There is a dystopia that we are sliding towards (if we’re not in it already) and doing nothing to intentionally advance this agenda won’t halt this slide. Perhaps controversially, I don’t think just opposing the evidence agenda will halt the slide either. We need to propose as well. That is not a soft, forgiving position. It’s not playing down or sanitising conflict. It’s not compliance. In our proposing, we should be focused, strong and clear, and we can draw on and be fuelled by our frustrations. 
 
Here are some reflections on the themes I heard at the conference:
 
Firstly, there is a need to move beyond the conversation about whether something is evidence or not: “now if that’s not evidence, I don’t know what is”. Everything is evidence of something.  What defines whether we consider something to be “evidence” is purpose: why we want it. Purpose sets the parameters. Is the evidence sufficiently robust, convincing, compelling, recent and/or ‘loud’ to be considered evidence for our purpose? Oftentimes that purpose is not ours - the terms are set elsewhere. Not all questions are noble.
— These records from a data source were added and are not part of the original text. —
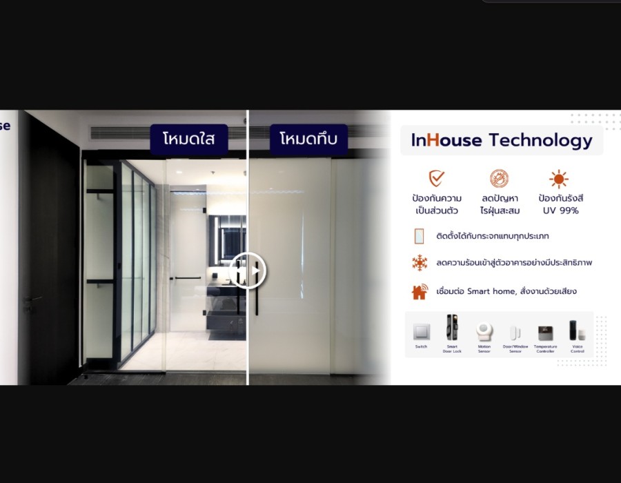 ฟิล์มไฟฟ้า INHOUSE Smart Film & Smart Glass: เปลี่ยนกระจกใสเป็นทึบ สร้างความเป็นส่วนตัวฟิล์มไฟฟ้า INHOUSE Smart Film & Smart Glass เป็นผลิตภัณฑ์ที่ช่วยปรับเปลี่ยนกระจกธรรมดาให้เป็นกระจกอัจฉริยะ ด้วยคุณสมบัติที่สามารถปรับระดับความใสของกระจกได้ตามต้องการ ทำให้สามารถสร้างความเป็นส่วนตัวและควบคุมการเข้าถึงแสงได้อย่างมีประสิทธิภาพ
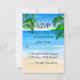 Beach theme Wedding RSVP with tropical blue waters and palm trees. Great wedding RSVP cards for beach or destination weddings. Beach art featuring a sandy beach, palm trees,and tropical blue waters background for your personalised invitation. Matching Invitations, Thank You's, and additional wedding products available.
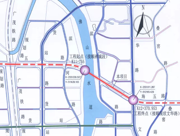 该项目位于南海区与禅城区交界处,起点位于桂城海五路与文华北路交叉口,终点与海五路西延线(禅城段)相连接。新建道路全长615.95米,设置佛山水道大桥1座长360米,主线双向6车道,采用一级公路技术标准兼顾城市道路功能,路基宽度为50米,设计车速为60公里/时;辅路双向4车道,设计速度为40公里/时。
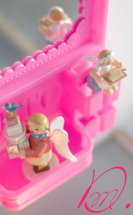 sehr zum leidwesen des männlichen mitbewohners, habe ich über meinen nachttisch diesen kitschigen spiegel aufgehängt. originalzitat: „das hässlichste möbelstück in unserem haus, ever!“ aber irgendwo mussten doch meine neuen wendt und kühn weihnachtsengel colourcode-kompatibel ihren platz finden……
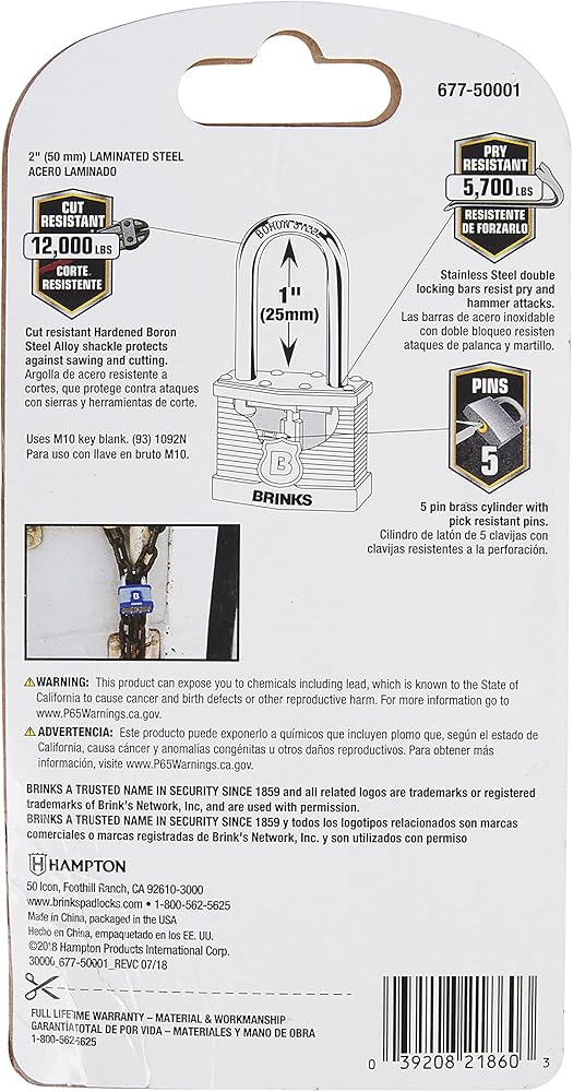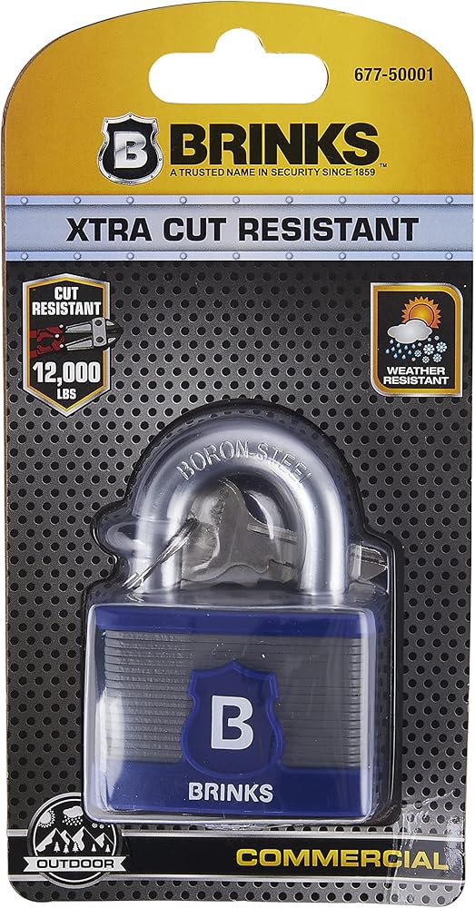This commercial grade padlock is 50mm in size, featuring 22 steel laminates in the lock body. This padlock features a consumer preferred powder coated finish designed to withstand all extreme weather conditions. This product also features a highly cut resistant 1-1/2 inch Boron shackle, stainless steel locking bars, 2 bumpers, and 5 pin pick-resistant cylinder. Lifetime warranty included. As a global leader in security-related products and services, the Brinks name is synonymous in top quality merchandise to keep you and your valuables safe. A credit to this tradition, Brinks' line of commercial grade locks are designed to exceed the most rigorous expectations of
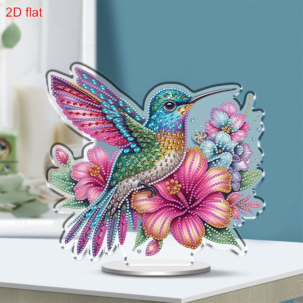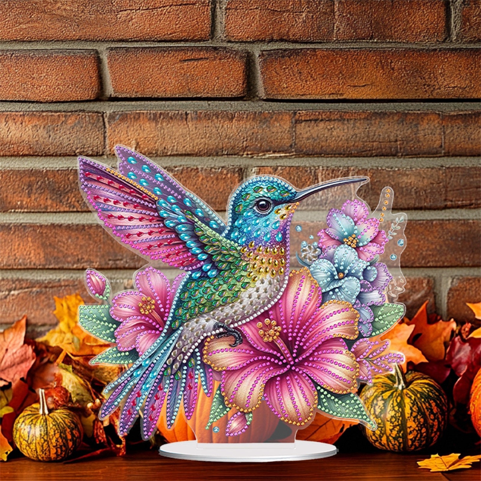Special Shape Hummingbird Diamond Painting Desktop Decorations Single-Side 5D DIY Diamond Art Tabletop Decorations Handmade Table Top Diamond Painting Ornament Kit Flower for Home Office Desktop Decor
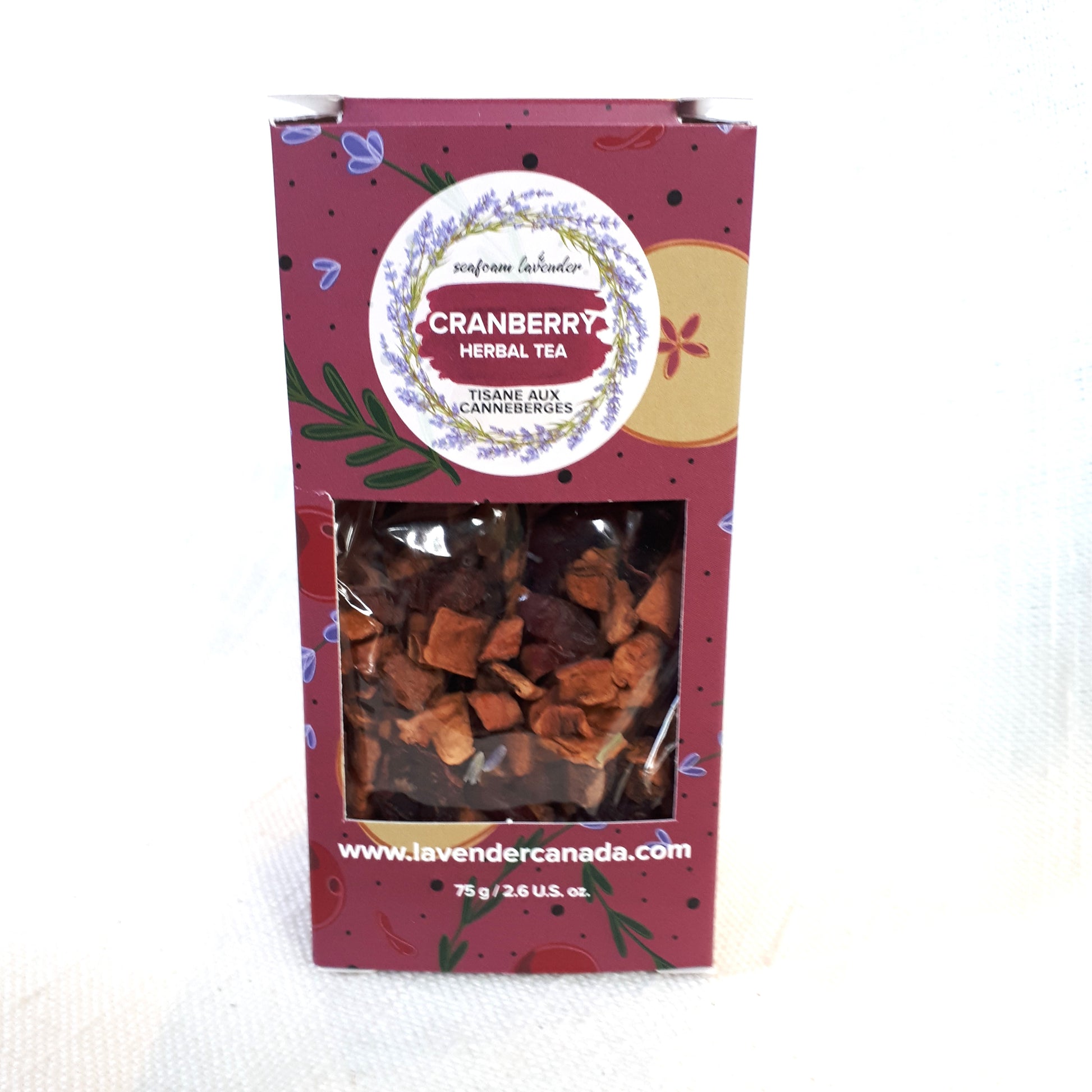 - Cranberry - caffeine-free herbal tea with hibiscus, cranberries, apple, orange peel, rose hips, and lavender

But let us not damn the pursuit of evidence on this basis.  
 
When we say that something isn’t considered to be evidence, or isn’t taken seriously as evidence, what we often really mean is that certain people aren’t changing their behaviour in the way we’d like them to as a result. Is part of the problem that we’re using evidence to try and change others’ behaviour rather than our own? What is the nature of evidence that would make us change our own behaviour? We criticise politicians for seeking only the evidence that helps them make the case that they are right. What if we do the same? 
 
My second reflection is connected to this, and is about knowledge. We didn’t hear much about knowledge at the conference. Is knowledge always evidence? If it’s not evidence, what is it? Because evidence is certainly not always knowledge. 
 
And my third reflection is on learning. We heard a lot at the conference about learning; the idea of ‘improving not proving’. But what I also heard is that this is all very easy to say, but much harder to do. The power dynamics that Derek Bardowell, Jess Cordingley and John Hitchin discussed in our afternoon panel reminded us that the odds are often stacked against the conditions required to learn. James Noble charted the growth of the impact agenda in his session, and noted that the conversation now seems to be about how impact measurement isn’t working, is a burden, or a distortion. I think there’s a risk that we are on the cusp of the next wave, the “learning and improvement agenda”. Maybe that’s an alternative dystopia.... it’s certainly a recipe for scepticism and fatigue all over again. 
 
So how do we hold this back? 
 
My sense is that we need to get better at surfacing and naming the different purposes for evidence.  What are we chasing? What do we want to get? How much of this is for show, part of the game? And if we decide it’s not for show, what is it for? 
 
I’d like to suggest that we should also be asking what we want to know, our personal interest and pursuit of evidence. To use Rashid Iqbal’s elegant phrase from his presentation, what is the process of gathering, interpreting and using evidence that resonates with our essential humanity? 
 
And that’s where the dystopia lies - we allow our essential humanity to be constrained by our compliance with some version of the evidence agenda. My interest is in an evidence agenda that nurtures our essential humanity, that cultivates it at the same time as helping us to understand it. 
 
I want to finish by coming back to ‘proposing’ rather than just ‘opposing’: I try hard to do both, but I have to say I get a lot more love when I oppose than when I propose. We tend to say - and I heard it said several times at our event - if we knew what to do, we’d do it. But I wonder, would we? Leon Feinstein’s closing address reminded us of our own power to create change. He also reminded us that in order to change things, we need to know things. Specifically, to change things about how we work, we need to know about how we work. And that’s the final aspect of the dystopia for me - that we cease to want to understand our work.